[Opening DATA section]

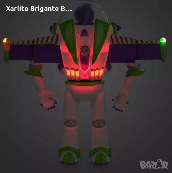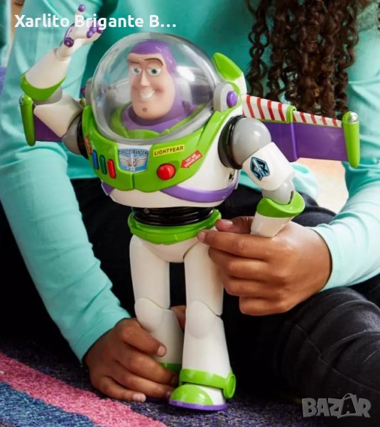 Buzz Lightyear оживява със светлини, звуци и невероятни действия! Отидете на вълнуващо приключени с говорещата и ходеща фигура на Баз Светлинна Година! Децата ще ще се влюбят в него. Той върви напред и назад и говори, примерно „Buzz Lightyear to the rescue!” или “We’re on a mission to find our friends!“ и т.н. Натиснете големия червен бутон от лявата му страна, за да разгърнете крилата му и да чуете серия от фрази, докато се движи напред, а понякога и назад, и може да завърта краката си! Други автентични звуци включват голям реактивен самолет, разгръщане на крилата и три опции за бластери.
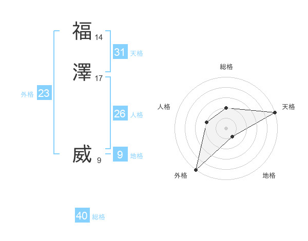 福澤 威さんの天格は31画の5点!
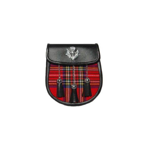 Sami dress sporran royal stewart tartan on the front with nickel plated thistle badge three nickel plated chain and tassels with nickel plated chain leather black strap fitted nickel plated hardware buckle...
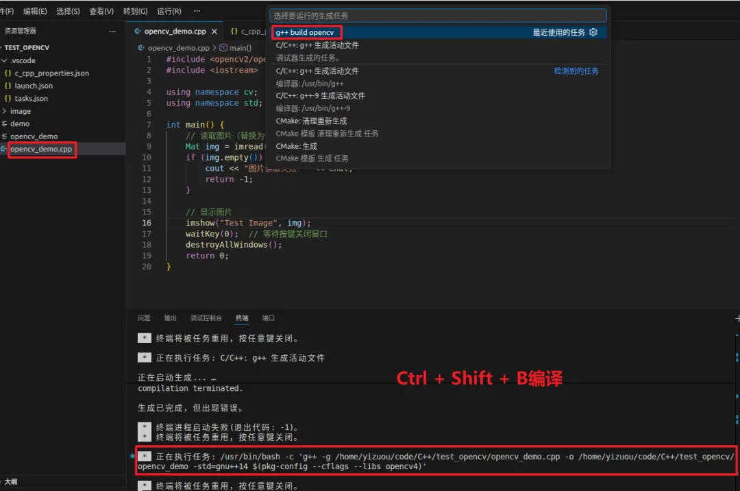从日志可以看到:cd "/home/yizuou/code/C++/test_opencv/" && g++ opencv_demo.cpp -o opencv_demo,根本没有:$(pkg-config --cflags --libs opencv4)。没有 -I/usr/local/include/opencv4,编译器自然找不到
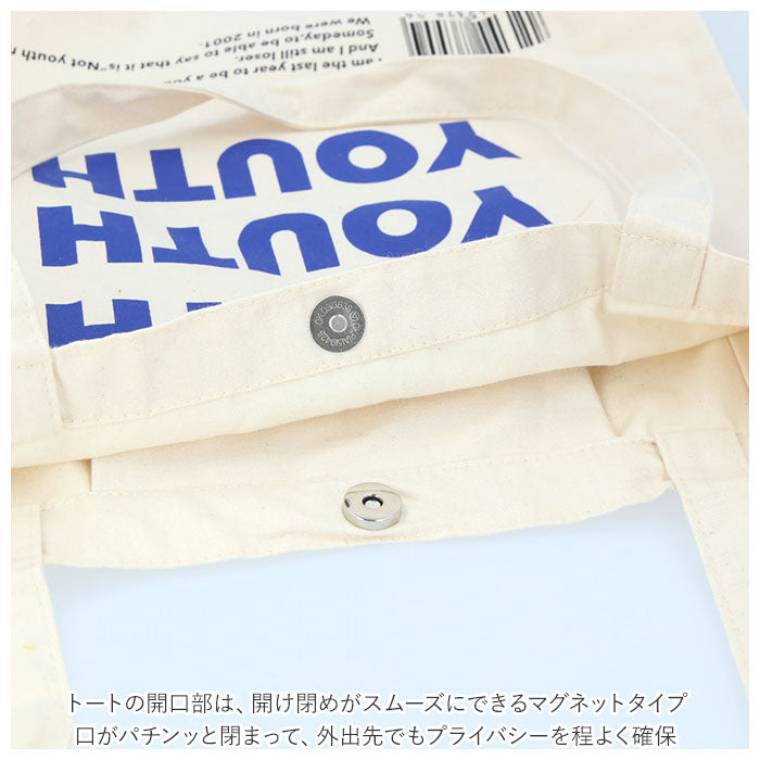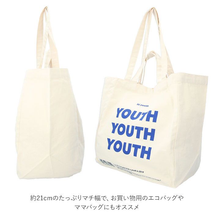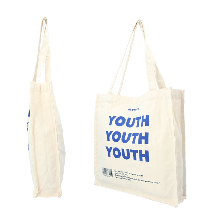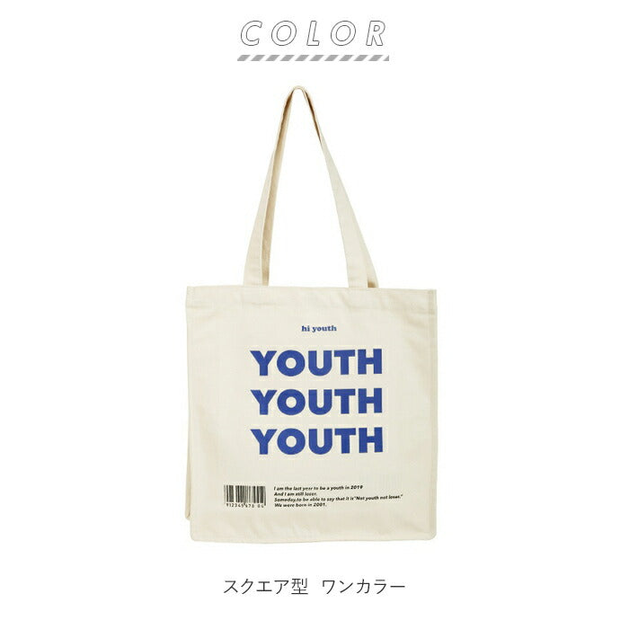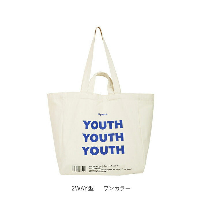・アイボリーカラーのキャンバス地に、「YOUTH!YOUTH!YOUTH!」のロゴが映えるエバーグリーンなデザインも魅力。
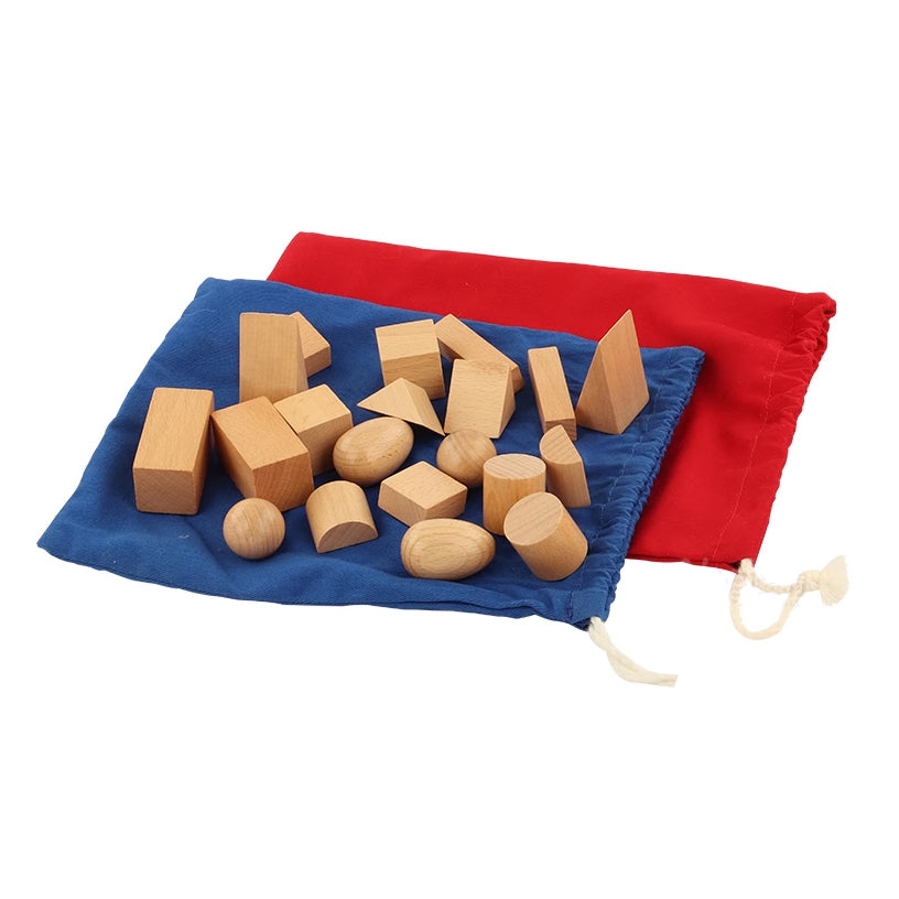 A cloth bag containing 10 pairs of smooth wooden shapes.
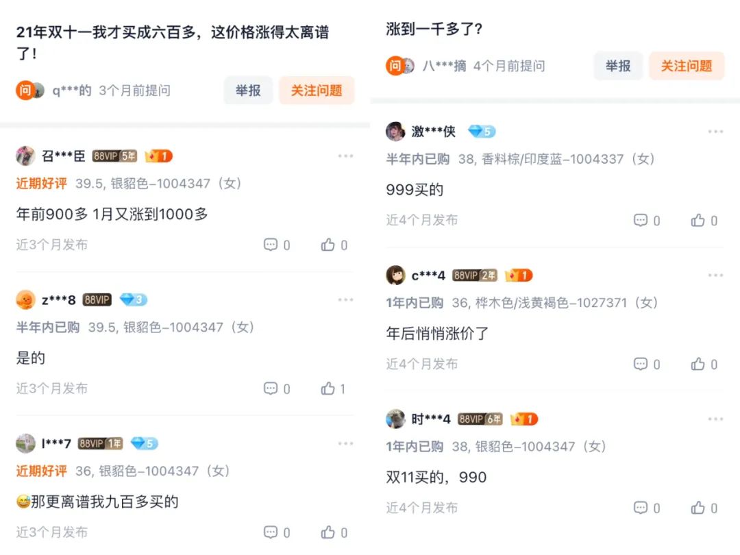 以其天猫旗舰店销量第一的JASPER为例,天猫旗舰店售价1059元。提问区有消费者表示,2021年双11才卖600多,2024年900多,1月涨到1000多,价格涨得太离谱了。而在日本,社交媒体上多位博主表示,JASPER到手价格约700元。在得物,JASPER价格多在700元—800元价格区间。
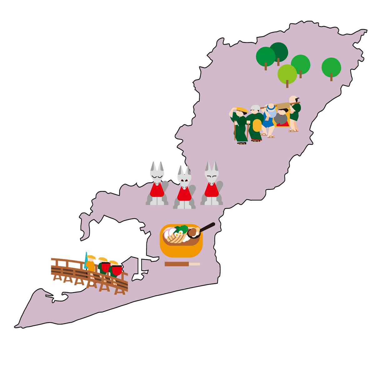 織田信長、豊臣秀吉、徳川家康がそろって、武田軍に打ち勝った長篠・設楽原の戦いにまつわる城や古戦場、家康をはじめ多くの武将にもゆかりのある吉田城、豊川稲荷、そして江戸の旅人たちも歩いた旧街道の松並木なども楽しめるエリア。
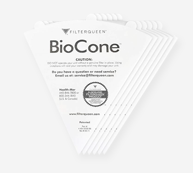 필터콘은, 초미세먼지(P2.5)를 비롯하여 0.2um 박테리아, 세균까지 99.98% 제거하는 기본 필터이며 1개월 마다 교체한다.

[Closing DATA section]

_PROBLEM_
Extract word for word every line from the line that contains "A cloth bag" to the final line of the data, both included, and nothing else; skip the pictures.

_OUTPUT FOR THIS TASK_
 A cloth bag containing 10 pairs of smooth wooden shapes.
 以其天猫旗舰店销量第一的JASPER为例,天猫旗舰店售价1059元。提问区有消费者表示,2021年双11才卖600多,2024年900多,1月涨到1000多,价格涨得太离谱了。而在日本,社交媒体上多位博主表示,JASPER到手价格约700元。在得物,JASPER价格多在700元—800元价格区间。
 織田信長、豊臣秀吉、徳川家康がそろって、武田軍に打ち勝った長篠・設楽原の戦いにまつわる城や古戦場、家康をはじめ多くの武将にもゆかりのある吉田城、豊川稲荷、そして江戸の旅人たちも歩いた旧街道の松並木なども楽しめるエリア。
 필터콘은, 초미세먼지(P2.5)를 비롯하여 0.2um 박테리아, 세균까지 99.98% 제거하는 기본 필터이며 1개월 마다 교체한다.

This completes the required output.